> _WORK REQUEST_: Without the pictures, print the lines running from the beginning of the material to the line containing "开:00-00-00-00-00-00 特00 |", both ends included.

> _EXTRACTED INFORMATION_:
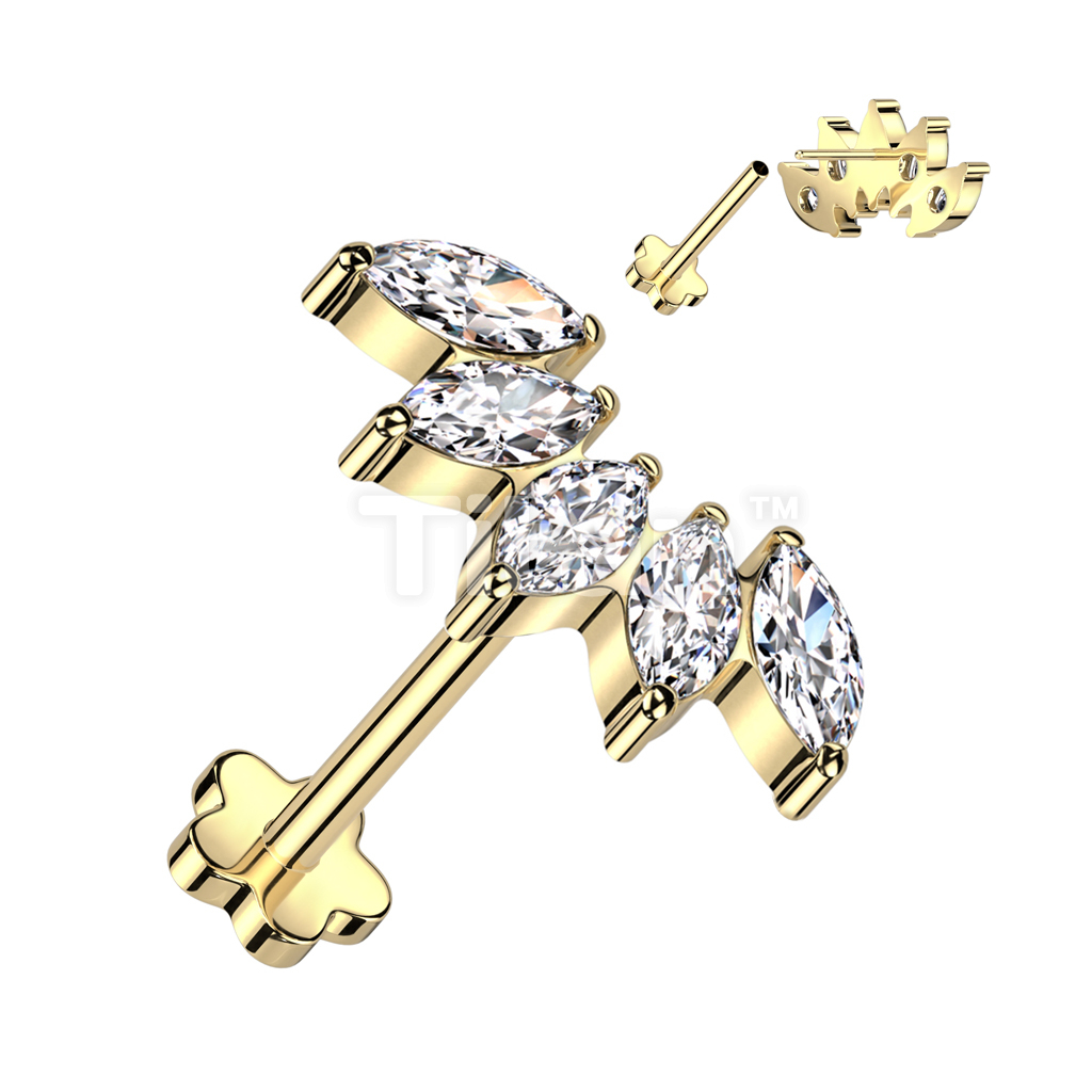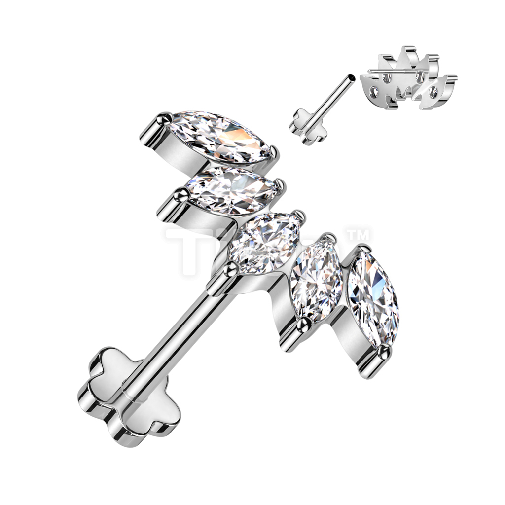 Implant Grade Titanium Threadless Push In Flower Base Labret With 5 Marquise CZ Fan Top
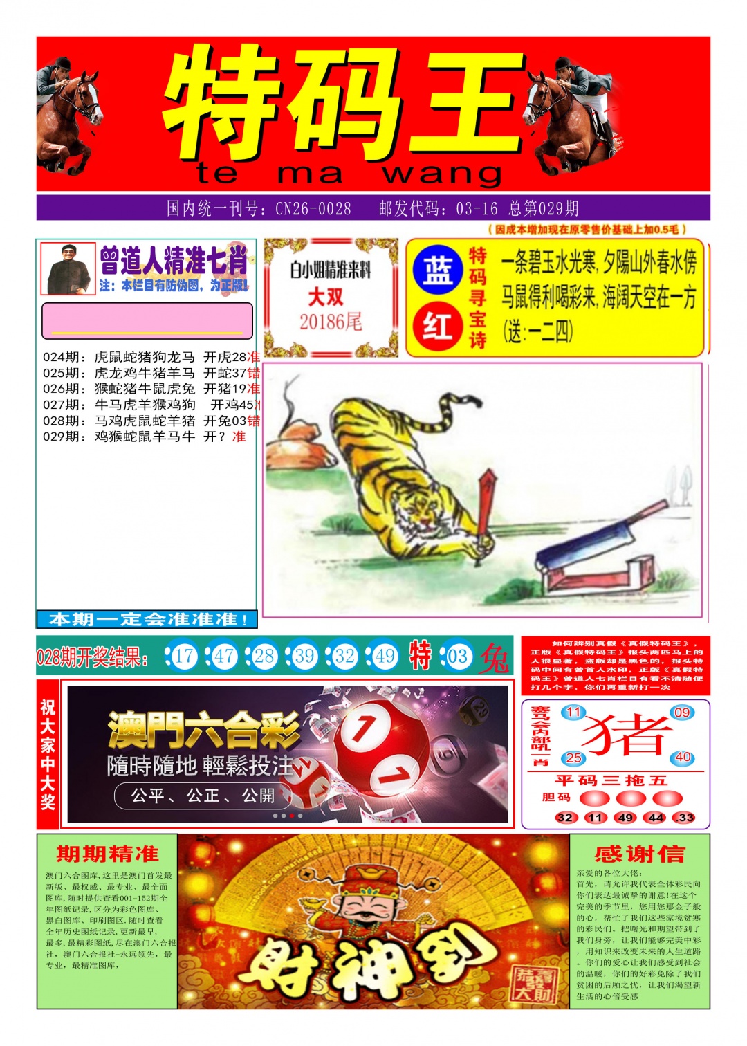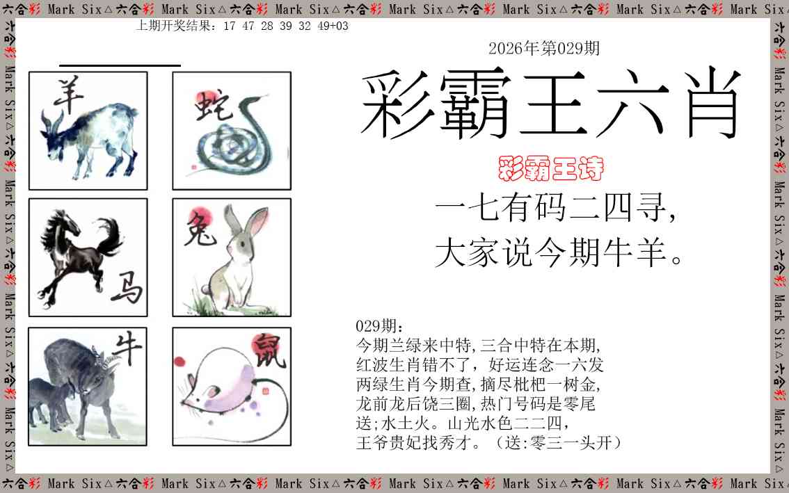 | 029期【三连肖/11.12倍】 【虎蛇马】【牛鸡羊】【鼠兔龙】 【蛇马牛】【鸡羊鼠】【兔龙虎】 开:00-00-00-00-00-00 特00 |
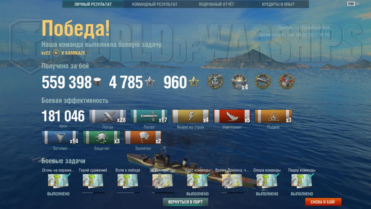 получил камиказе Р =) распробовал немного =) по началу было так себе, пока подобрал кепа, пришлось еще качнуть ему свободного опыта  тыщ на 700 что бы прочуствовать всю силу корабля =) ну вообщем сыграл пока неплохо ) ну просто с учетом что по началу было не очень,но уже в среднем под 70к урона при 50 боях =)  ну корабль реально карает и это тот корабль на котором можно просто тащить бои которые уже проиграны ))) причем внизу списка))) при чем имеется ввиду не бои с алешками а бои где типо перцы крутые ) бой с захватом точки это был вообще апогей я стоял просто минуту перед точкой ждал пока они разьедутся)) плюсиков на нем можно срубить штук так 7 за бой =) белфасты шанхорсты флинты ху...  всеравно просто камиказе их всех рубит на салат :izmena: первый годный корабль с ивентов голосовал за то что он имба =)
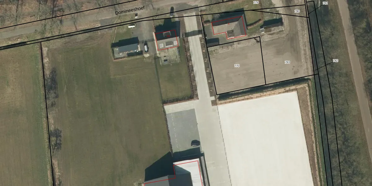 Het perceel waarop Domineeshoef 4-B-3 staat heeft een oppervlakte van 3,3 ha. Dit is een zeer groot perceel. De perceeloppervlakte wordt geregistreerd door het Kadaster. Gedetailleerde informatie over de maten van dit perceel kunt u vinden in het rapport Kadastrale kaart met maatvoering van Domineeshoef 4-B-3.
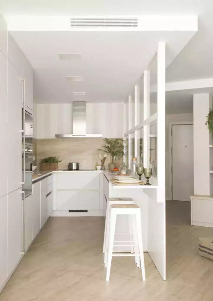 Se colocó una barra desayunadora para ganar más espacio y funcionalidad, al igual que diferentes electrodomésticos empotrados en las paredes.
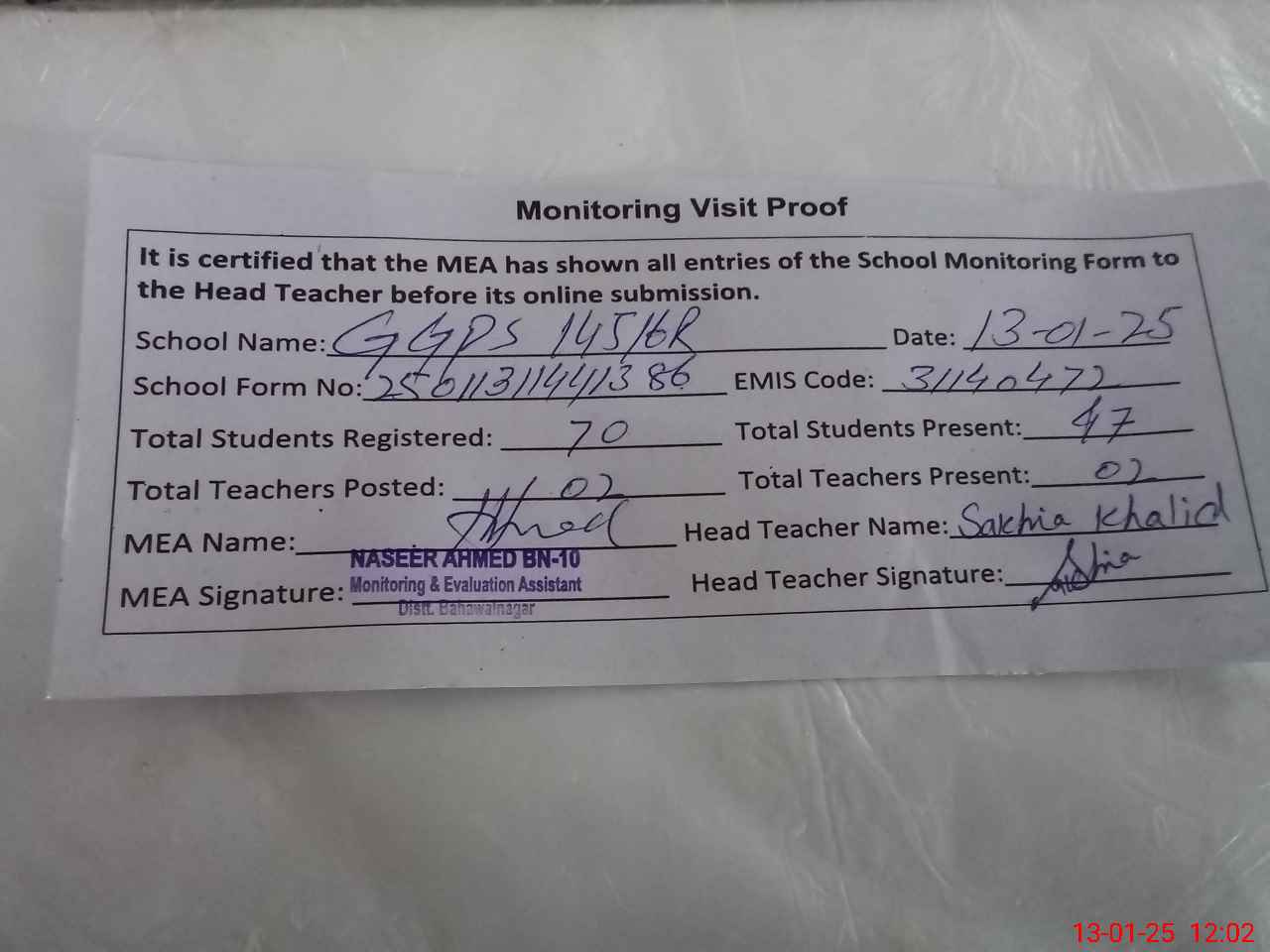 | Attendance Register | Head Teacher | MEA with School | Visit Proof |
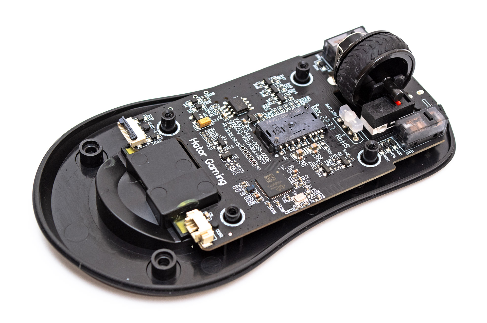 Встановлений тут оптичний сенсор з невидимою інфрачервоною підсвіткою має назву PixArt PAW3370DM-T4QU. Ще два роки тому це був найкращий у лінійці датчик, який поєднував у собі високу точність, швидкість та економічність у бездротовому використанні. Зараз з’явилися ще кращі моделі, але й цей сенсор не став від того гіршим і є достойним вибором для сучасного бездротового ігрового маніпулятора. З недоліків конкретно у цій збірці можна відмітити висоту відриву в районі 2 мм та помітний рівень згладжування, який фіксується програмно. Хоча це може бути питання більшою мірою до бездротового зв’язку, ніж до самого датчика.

> _ANSWER TO THIS PROBLEM_:
 Implant Grade Titanium Threadless Push In Flower Base Labret With 5 Marquise CZ Fan Top
 | 029期【三连肖/11.12倍】 【虎蛇马】【牛鸡羊】【鼠兔龙】 【蛇马牛】【鸡羊鼠】【兔龙虎】 开:00-00-00-00-00-00 特00 |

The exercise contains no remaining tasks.